Undercutting Violent Extremists in the Middle East, North Africa And South Asia

Accadian’s directors have spent many years devising and implementing campaigns to undercut violent extremism in countries such as Iraq, Syria, Somalia and Pakistan.

Organisations like Daesh (or so-called Islamic State) have always employed a variety of media to frame and amplify their violent ‘propaganda of the deed’ and to cultivate narratives of sectarian grievance or utopian fantasy.

The proliferation of this coercive material can make the extremists seem omnipotent among those they seek to subjugate and helps to perpetuate the factional cycles of violence that they thrive on.

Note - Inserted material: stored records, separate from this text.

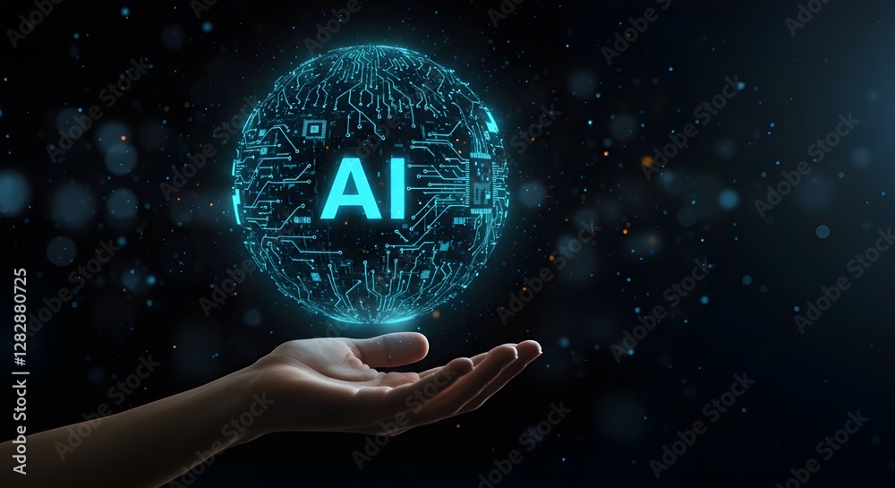 Mano sosteniendo una esfera de IA brillante que simboliza el poder y el potencial de la inteligencia artificial. #1282880725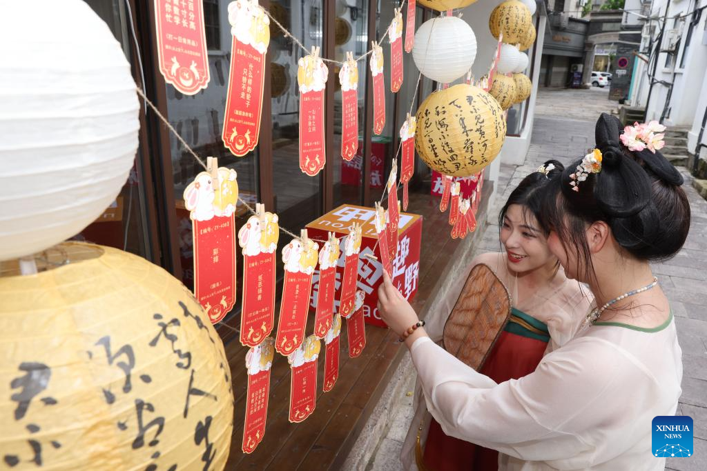 BEIJING, 17 septiembre, 2024 (Xinhua) -- Turistas leen acertijos de linternas, en el poblado de Qianyuan del distrito de Deqing, en la ciudad de Huzhou, en la provincia de Zhejiang, en el este de China, el 17 de septiembre de 2024. Los chinos disfrutaron de tres días de vacaciones por el Festival de Medio Otoño, que este año cayó el 17 de septiembre. (Xinhua/Ni Lifang)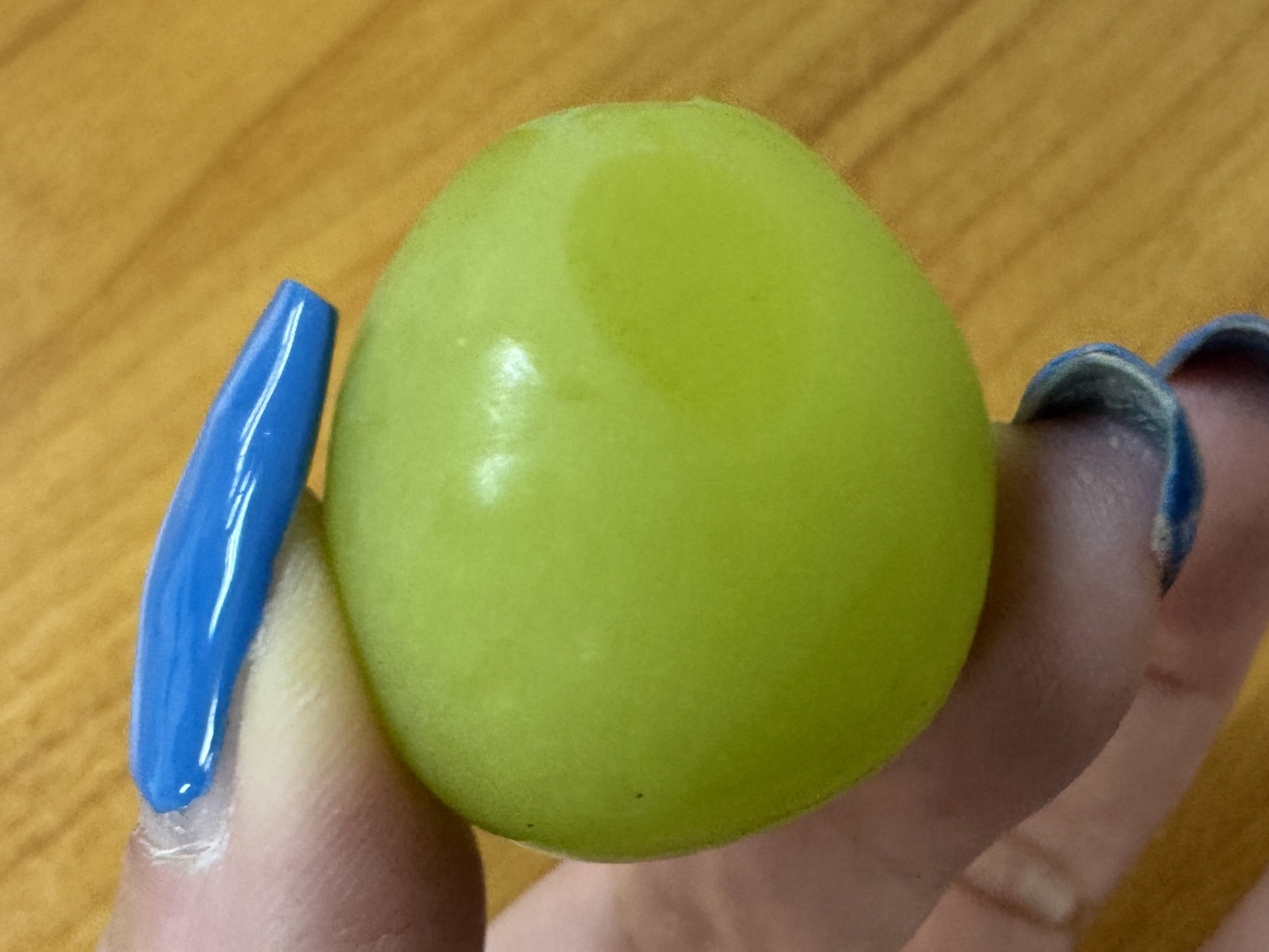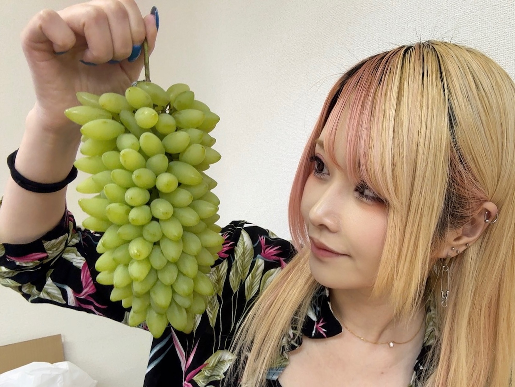 御花畑「うん、おいしい。皮のエグみが若干気になるけど、小粒で甘すぎないからパクパクいけるのがイイ。ただ見た目が……集合体恐怖症の人には厳しいかもしれない? シャインマスカットとは別モノだから単純に比較するのが難しいけど、90点ってところかな」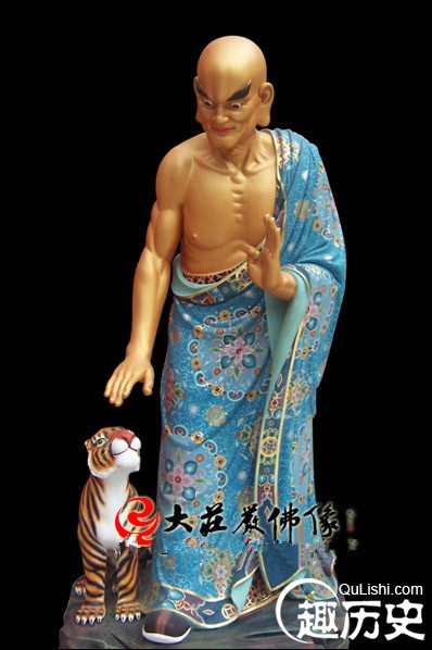 第十八位,弥勒尊者,为伏虎罗汉。伏虎罗汉,因为在寺庙外经常遇到有一只饥饿的老虎,他把他的斋饭分给这只老虎吃,所以就叫伏虎罗汉。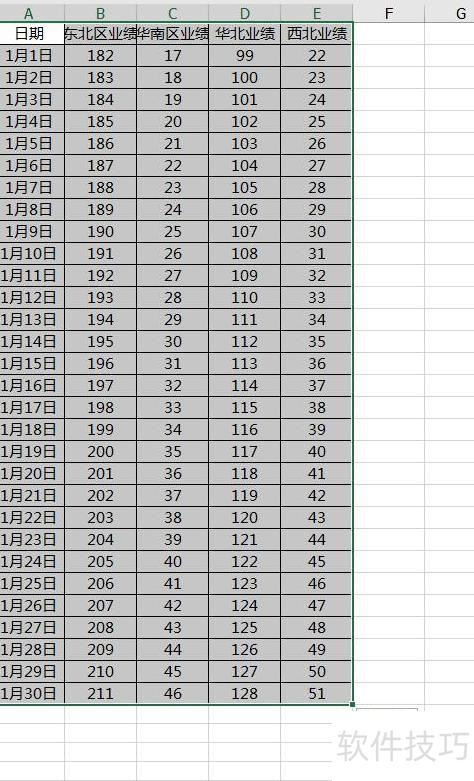 先看我预先做好的横向表格,因嫌麻烦随意复制了几行内容,重点不在数据,而在方法。该表记录整月30天的业绩,需不断向右拖动才能看到末尾。现在我们将表格从横向排列转换为纵向显示,使信息更清晰易读。
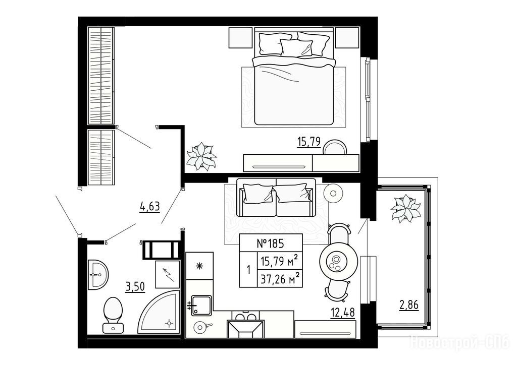 1-комн. квартира, 37.26 м2, 2 этаж

In countering these kinds of narratives, our approach has always focused on providing ordinary people with the methods and means to expose the myths and absurdities of what such groups claim.

Between 2014-17, when Daesh controlled Iraq’s second city of Mosul, the group imposed a media blackout, while at the same time releasing a stream of appalling propaganda that claimed only the Islamic State could bring vulnerable Iraqi Sunnis the rights, dignity and justice they craved.

In response, Accadian implemented a programme to empower a circle of brave, covert activists to expose the myths of life in ‘the Caliphate’ using video testimonies and reportage filmed on smart phones. The powerful footage these citizen journalists recorded was smuggled out of the city and then released on social media platforms, to be viewed across Iraq and the wider region.

This rare glimpse of ground truth debunked Daesh’s version of events and restored the voice of the beleaguered Mosulawis. In doing so, it revealed ordinary people’s contempt for Daesh and its ideology. At the same time, it movingly called for safe treatment, representation and justice for people living in a post-Daesh Mosul.

With well over one million views, this reportage, and the responses of the local people who engaged with it, the city’s residents a vital voice and helped to deny Daesh its chokehold on Mosul.